Action item >>
Omit the pictures and retype only the lines from the one containing "(A) Phenocave installed" through the end of the listing, both ends included.

Material for this task >>
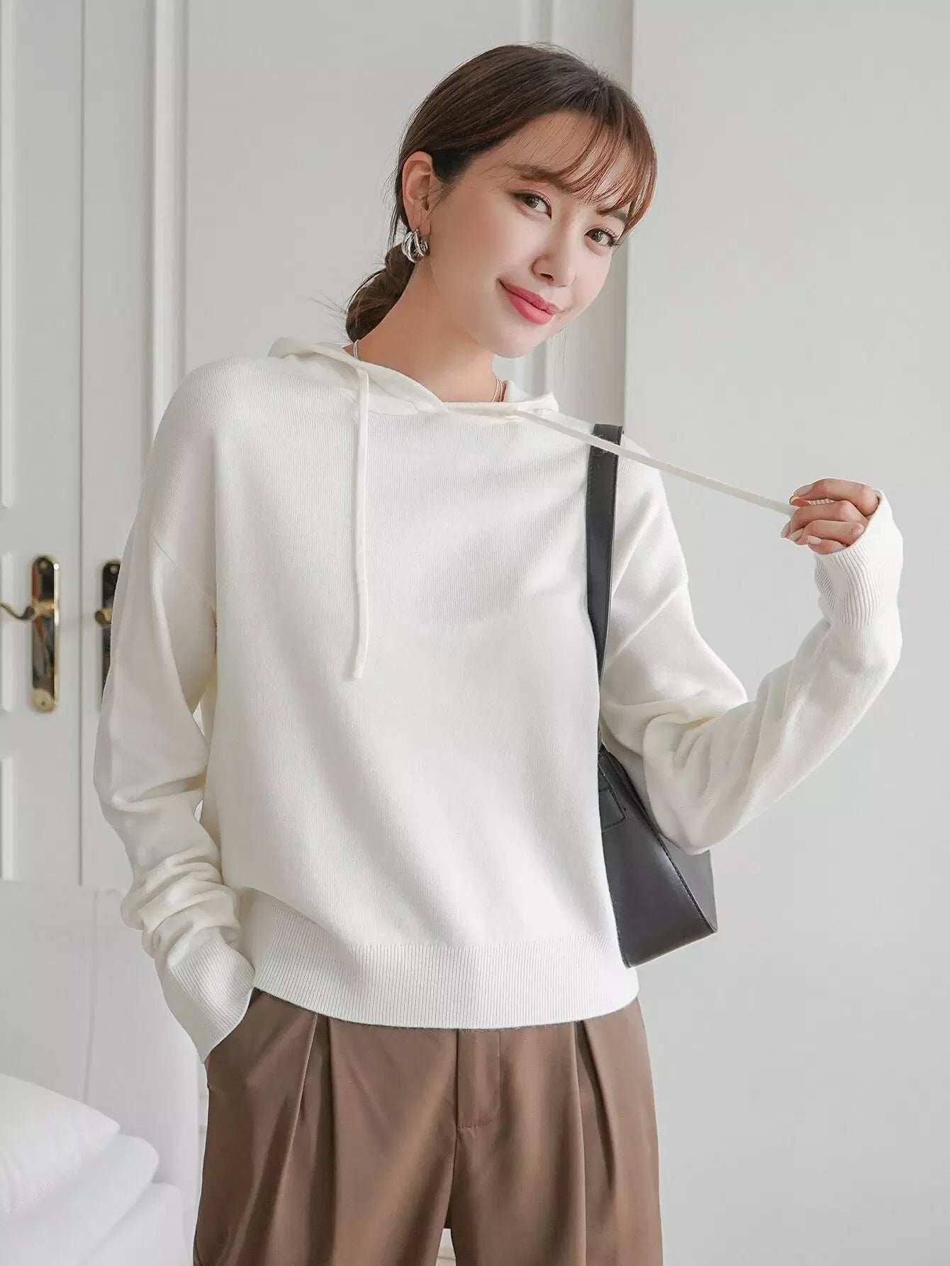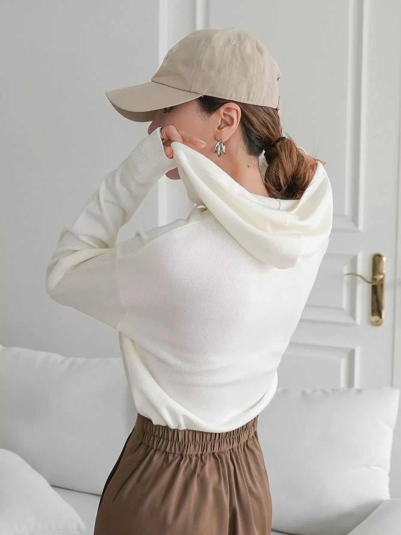 سترة منسدلة الكتفين برباط على الكتفين بقلنسوة
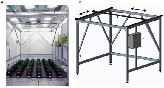 (A) Phenocave installed in the Biotron chamber with two imaging sensors mounted, a DSLR Canon EOS and a multispectral MicaSense Altum; (B) schematic Phenocave model. The gray arrows indicate the movement on the XY coordinates.
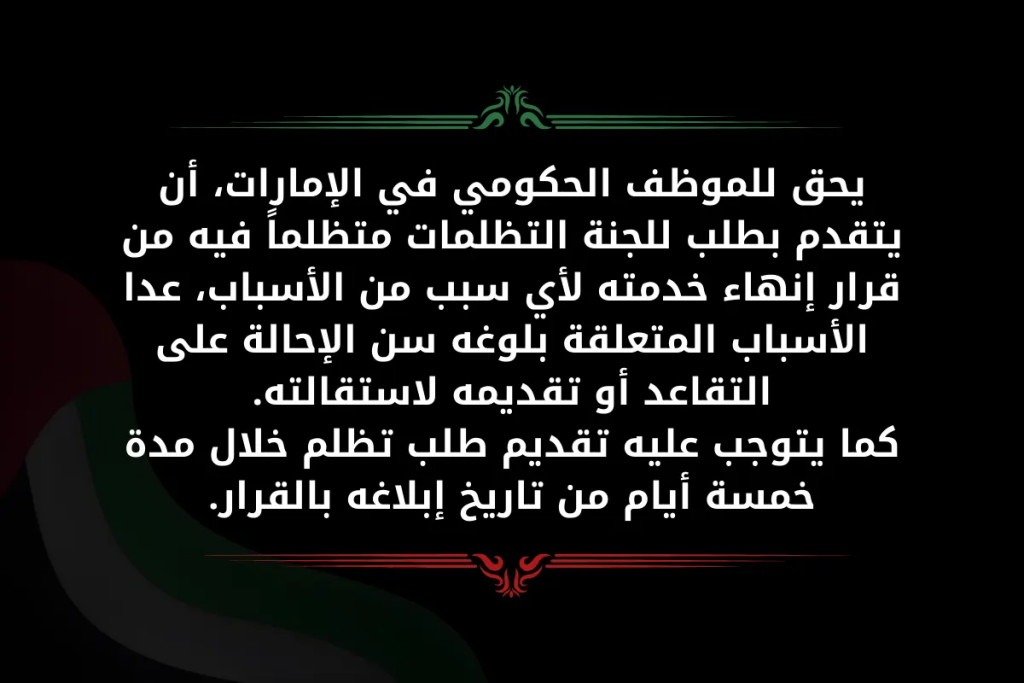 وبكافة الأحوال يحق للموظف الحكومي في الإمارات، أن يتقدم بطلب للجنة التظلمات متظلماً فيه من قرار إنهاء خدمته لأي سبب من الأسباب، عدا الأسباب المتعلقة بلوغه سن الإحالة على التقاعد أو تقديمه لاستقالته.
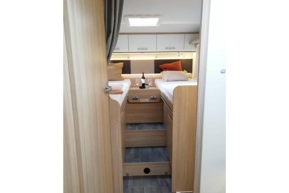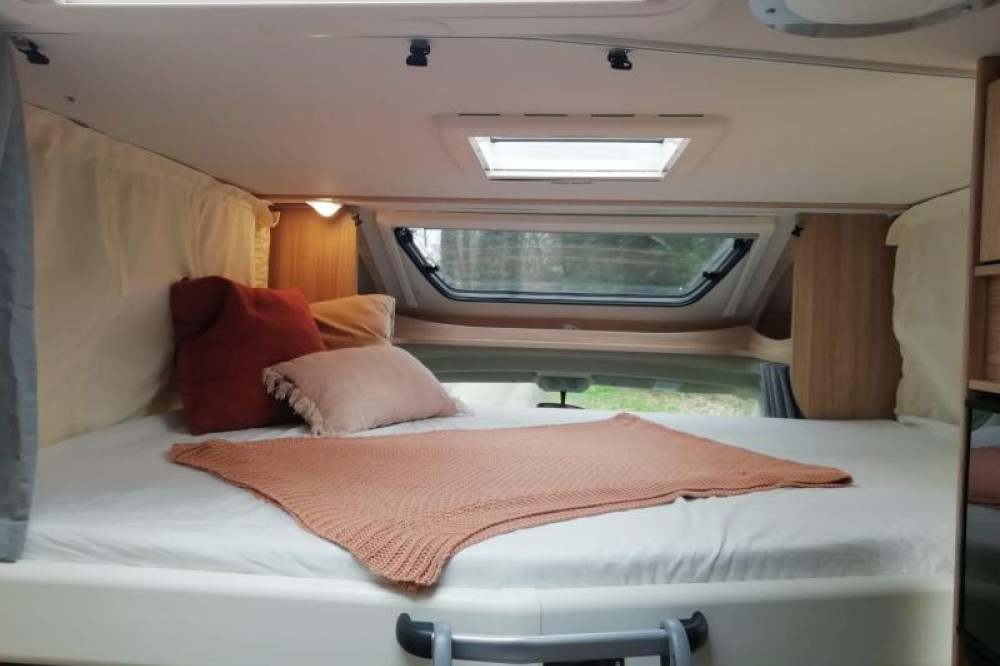 Een handige ruimtewinner is het tweepersoons hefbed, dat zich boven de zitgroep bevindt. Dit hefbed heeft een lengte van 200 cm en is 140 cm breed. Achter de camper bevinden zich de 2 aparte bedden, die borg staan voor extra ruimte en een makkelijke instap. Deze enkele bedden hebben een lengte van 203 en 212 cm. En deze bedden zijn beide 83 cm breed. Deze enkele bedden kunnen ook nog als één groot bed omgebouwd worden. Dan heeft het bed een lengte van 200 cm en 200 cm breed.
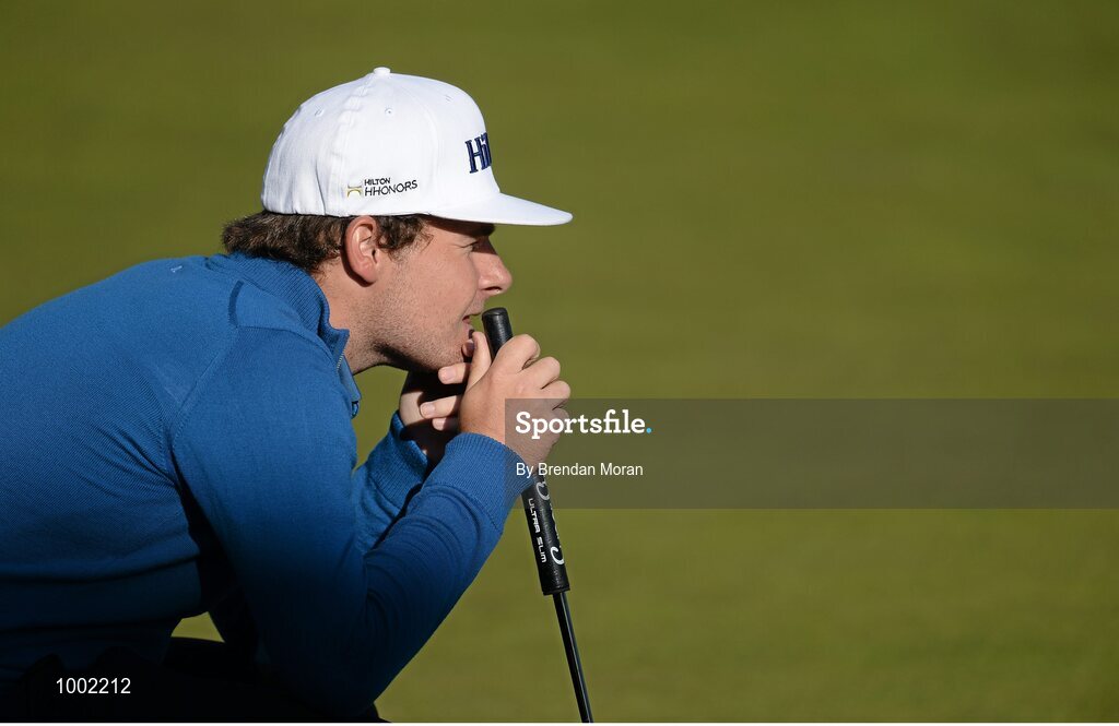 29 May 2015; Tyrrell Hatton, England, likes up a putt on his way to a birdie on the 18th green for a course record 66. Dubai Duty Free Irish Open Golf Championship 2015, Day 2. Royal County Down Golf Club, Co. Down. Picture credit: Brendan Moran / SPORTSFILE

Response >>
 (A) Phenocave installed in the Biotron chamber with two imaging sensors mounted, a DSLR Canon EOS and a multispectral MicaSense Altum; (B) schematic Phenocave model. The gray arrows indicate the movement on the XY coordinates.
 وبكافة الأحوال يحق للموظف الحكومي في الإمارات، أن يتقدم بطلب للجنة التظلمات متظلماً فيه من قرار إنهاء خدمته لأي سبب من الأسباب، عدا الأسباب المتعلقة بلوغه سن الإحالة على التقاعد أو تقديمه لاستقالته.
 Een handige ruimtewinner is het tweepersoons hefbed, dat zich boven de zitgroep bevindt. Dit hefbed heeft een lengte van 200 cm en is 140 cm breed. Achter de camper bevinden zich de 2 aparte bedden, die borg staan voor extra ruimte en een makkelijke instap. Deze enkele bedden hebben een lengte van 203 en 212 cm. En deze bedden zijn beide 83 cm breed. Deze enkele bedden kunnen ook nog als één groot bed omgebouwd worden. Dan heeft het bed een lengte van 200 cm en 200 cm breed.
 29 May 2015; Tyrrell Hatton, England, likes up a putt on his way to a birdie on the 18th green for a course record 66. Dubai Duty Free Irish Open Golf Championship 2015, Day 2. Royal County Down Golf Club, Co. Down. Picture credit: Brendan Moran / SPORTSFILE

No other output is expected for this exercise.